◆ RAW DATA ◆
Start of Block
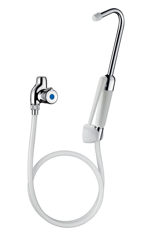 HYGIÉNA bed pan cleaner with standard hand spray with removable nozzle at a 65° angle.
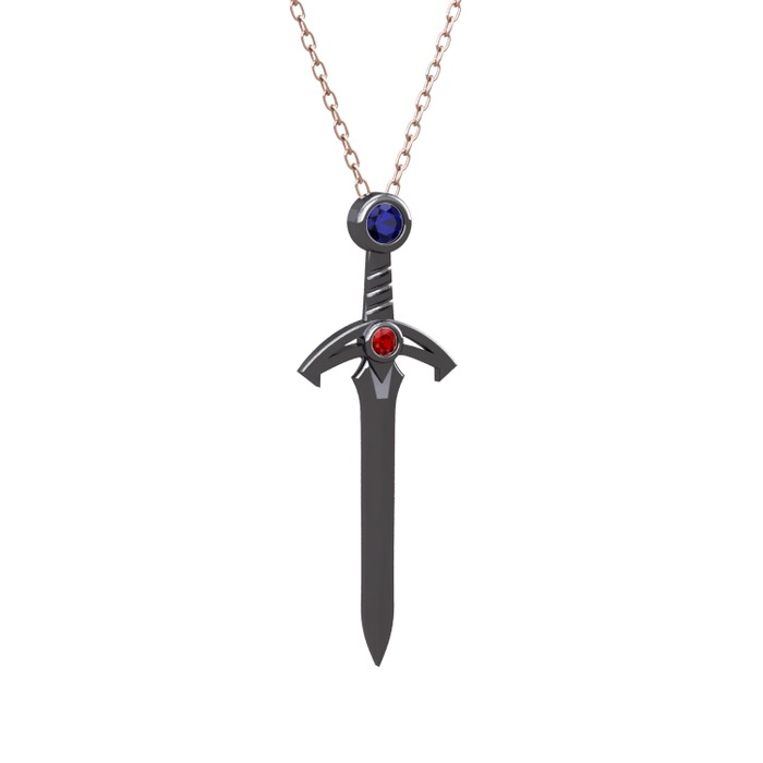 Lab safir ve garnet 925 ayar siyah rodyum kaplama gümüş kolye (40 cm rose altın rolo zincir)
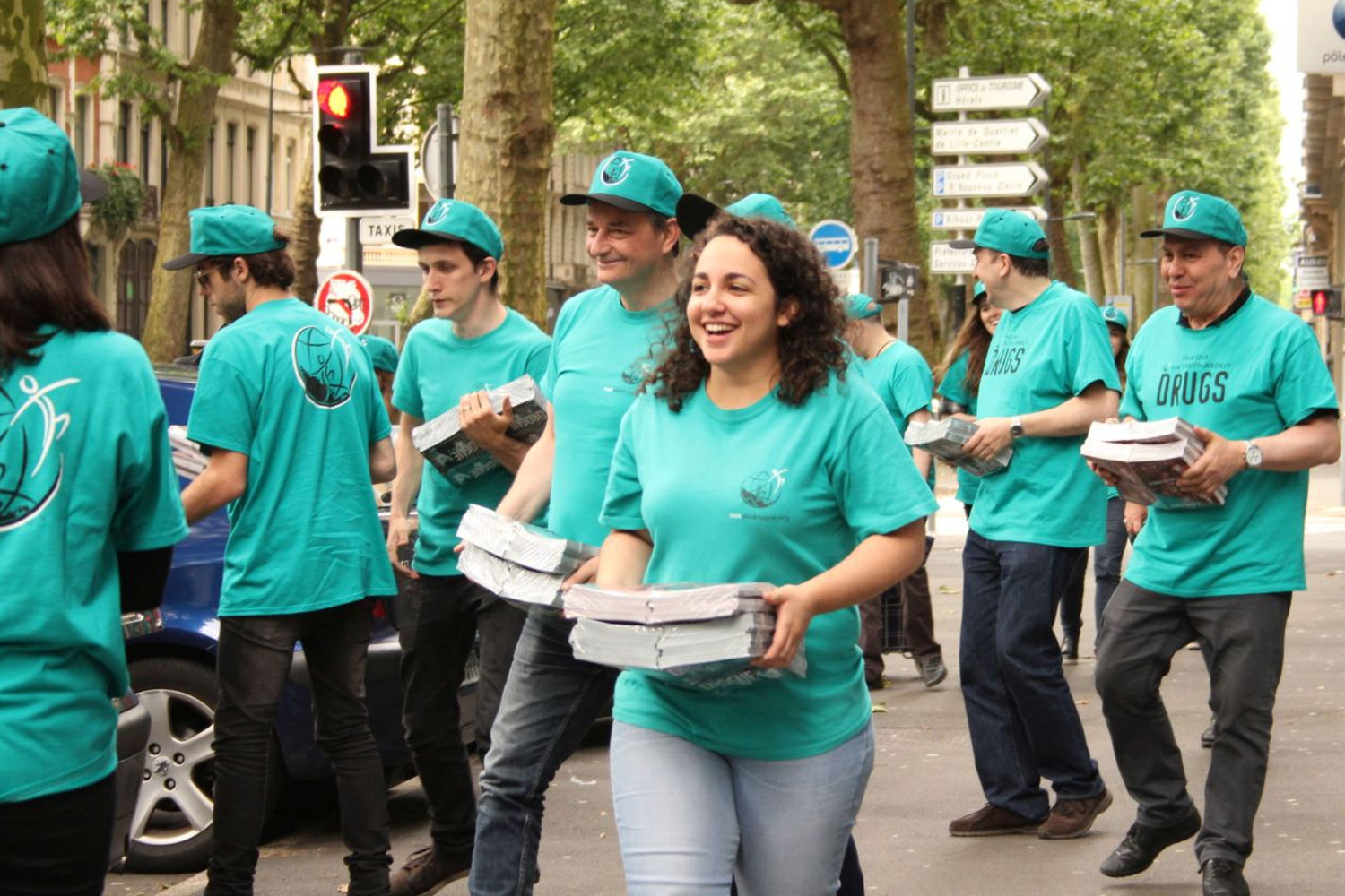 From June 10 to July 10, volunteers carried out events in the 14 cities where the matches were held. Continuing through Bastille Day, July 14, they handed out a total of 300,000 copies of the acclaimed drug education booklets of The Truth About Drugs booklets.
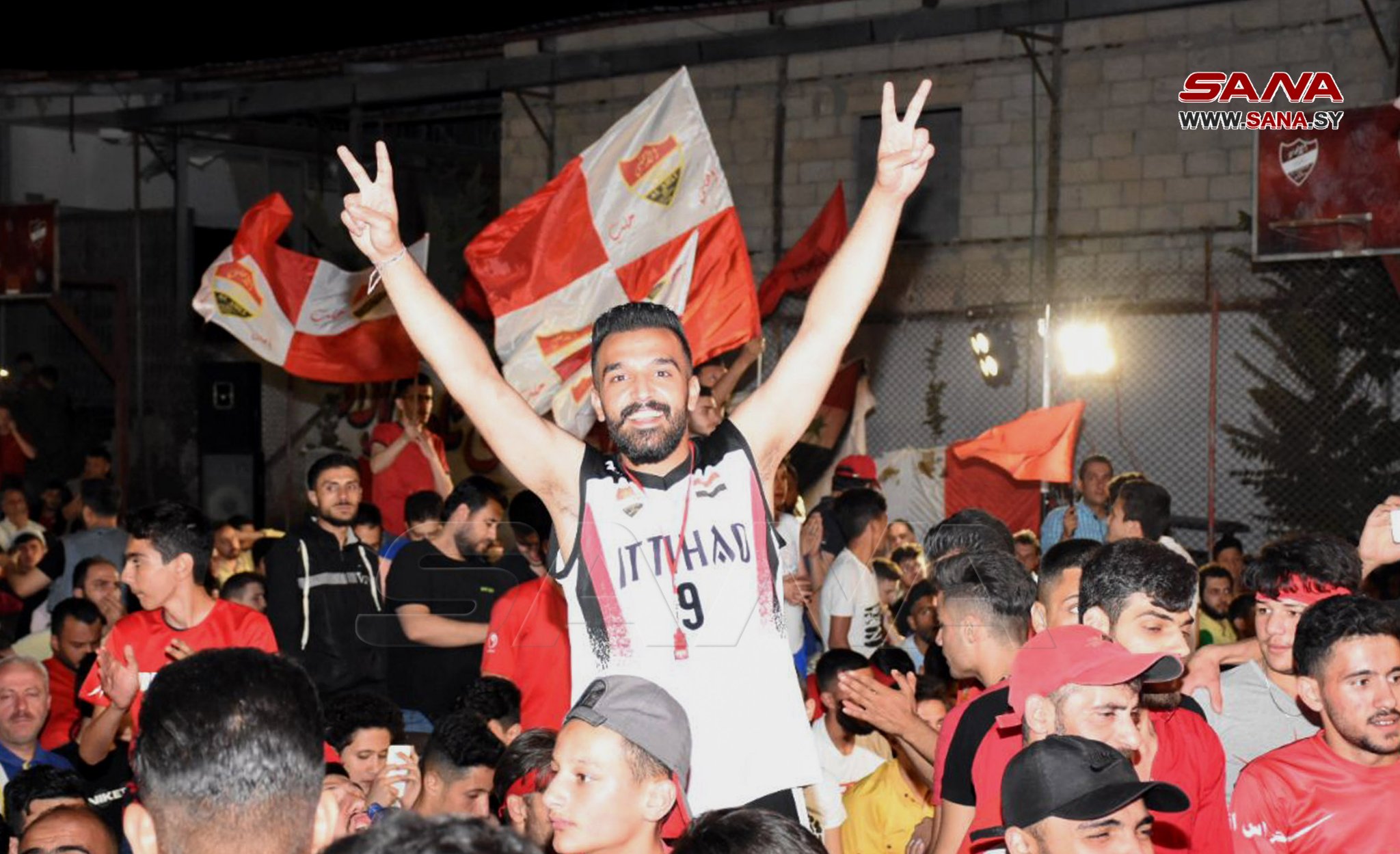 14/06/2022 Alepo,14 jun (SANA) La alegría de los aficionados del Ittihad Ahli de Alepo por la victoria de su equipo contra al-Karama en la Liga Nacional de Baloncesto???? 2022-06-14 lluvia
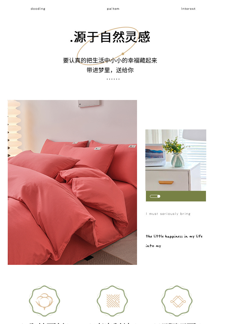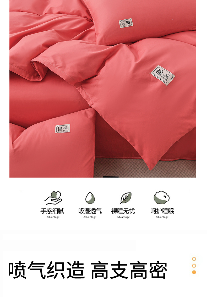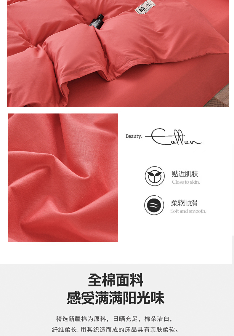商品名称:宇彬家纺 2025直播新款13374全棉母婴级简约轻奢贴画纯色单被套斜纹贡缎新疆长绒贴标款无印风系列 简约-宝石红
End of Block
All entries must be output unchanged, with every picture omitted.

◆ EXERCISE RESPONSE ◆
 HYGIÉNA bed pan cleaner with standard hand spray with removable nozzle at a 65° angle.
 Lab safir ve garnet 925 ayar siyah rodyum kaplama gümüş kolye (40 cm rose altın rolo zincir)
 From June 10 to July 10, volunteers carried out events in the 14 cities where the matches were held. Continuing through Bastille Day, July 14, they handed out a total of 300,000 copies of the acclaimed drug education booklets of The Truth About Drugs booklets.
 14/06/2022 Alepo,14 jun (SANA) La alegría de los aficionados del Ittihad Ahli de Alepo por la victoria de su equipo contra al-Karama en la Liga Nacional de Baloncesto???? 2022-06-14 lluvia
商品名称:宇彬家纺 2025直播新款13374全棉母婴级简约轻奢贴画纯色单被套斜纹贡缎新疆长绒贴标款无印风系列 简约-宝石红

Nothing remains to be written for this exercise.